Head of Salafist Nour Party steps down
Ahram Online, Tuesday 25 Dec 2012
Emad Abdel-Ghafour resigns as head of Salafist Nour Party, spokesman says



Emad Abdel-Ghafour has resigned from his post as head of the prominent Salafist Nour Party after growing increasingly frustrated with interference in his job from the Salafist Call, the party’s spokesman Yousry Hammad said on Tuesday.

“Abdel-Ghafour’s front within the party will hold a meeting on Tuesday to announce the withdrawal of the party’s leaders and explain the reasons for that decision,” Hammad was quoted as saying on Ahram’s Arabic-language news website.

The decision came despite the fact that the party's general assembly had earlier declared that there would be no withdrawals until the coming parliamentary elections.

“A new party will be formed. The names being considered for the new party include El-Sahwa (the Awakening) or El-Watan (the Motherland),” Hammad added.

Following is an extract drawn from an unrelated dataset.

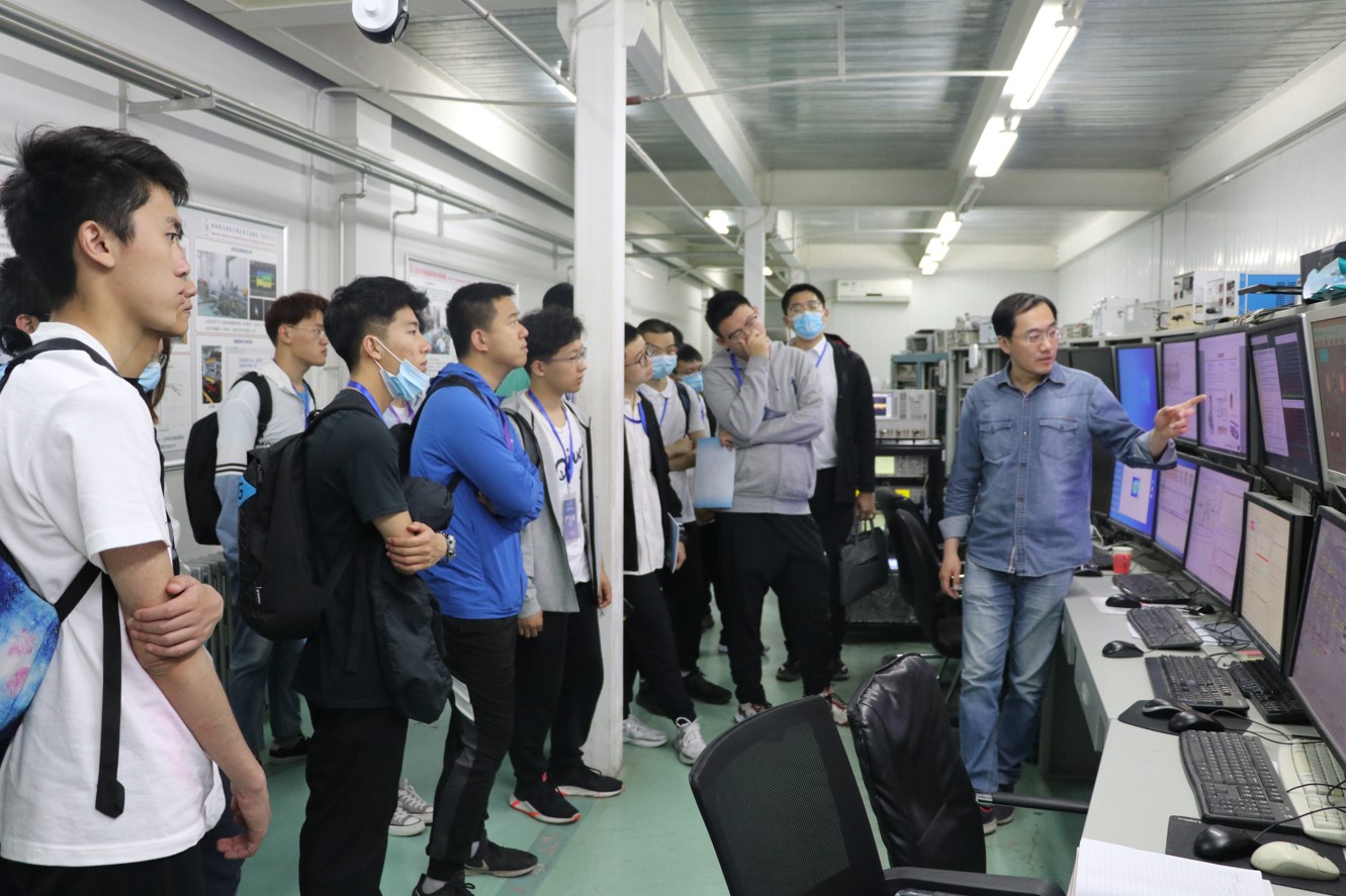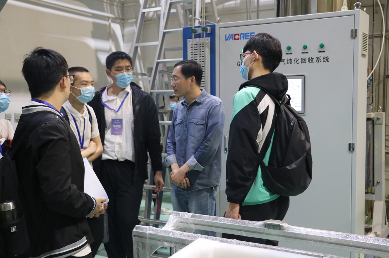 随后,师生前往技物楼去,由林林带领大家参观了射频超导加速器实验室,对该实验室的发展历程、主要研究内容、实验装置及应用等做了大致介绍,并一一回答了学生们对加速器的运行原理、运行环境的要求、运行实验数据、电子加速等方面提出的问题。该实验室建设于1988年,经过三十多年的发展,该实验团队在关键技术上实现了突破,成为国际上少数几家掌握超导加速技术的研究组,大大推动了国内超导加速技术的发展和超导腔的国产化进程。

The conflict within the party is reportedly between Abdel-Ghafour's front and followers of influential Sheikh Yasser El-Borhami, one of the founders of the Salafist Call, a movement that spawned Nour Party in 2011.

The supreme committee of the Nour Party, which espouses an ultra-conservative brand of Islam, withdrew confidence from Abdel-Ghafour in October but he eventually stayed put.

The Salafist Call, led by El-Borhami, stood by members of the party’s supreme committee in the conflict that divided the party between two fronts, the supporters of El-Borhami and those of 'reformist' Abdel Ghafour.

Abdel-Ghafour and his supporters – known as the 'Reformist Front' within the party – retaliated by calling for the dismissal of the supreme committee via the party's official Twitter account.

Nour is the most influential Salafist party in Egypt. It led a coalition of Islamist political parties that won 127 seats in the lower house of parliament early this year.

The parliament was eventually dissolved by a court order.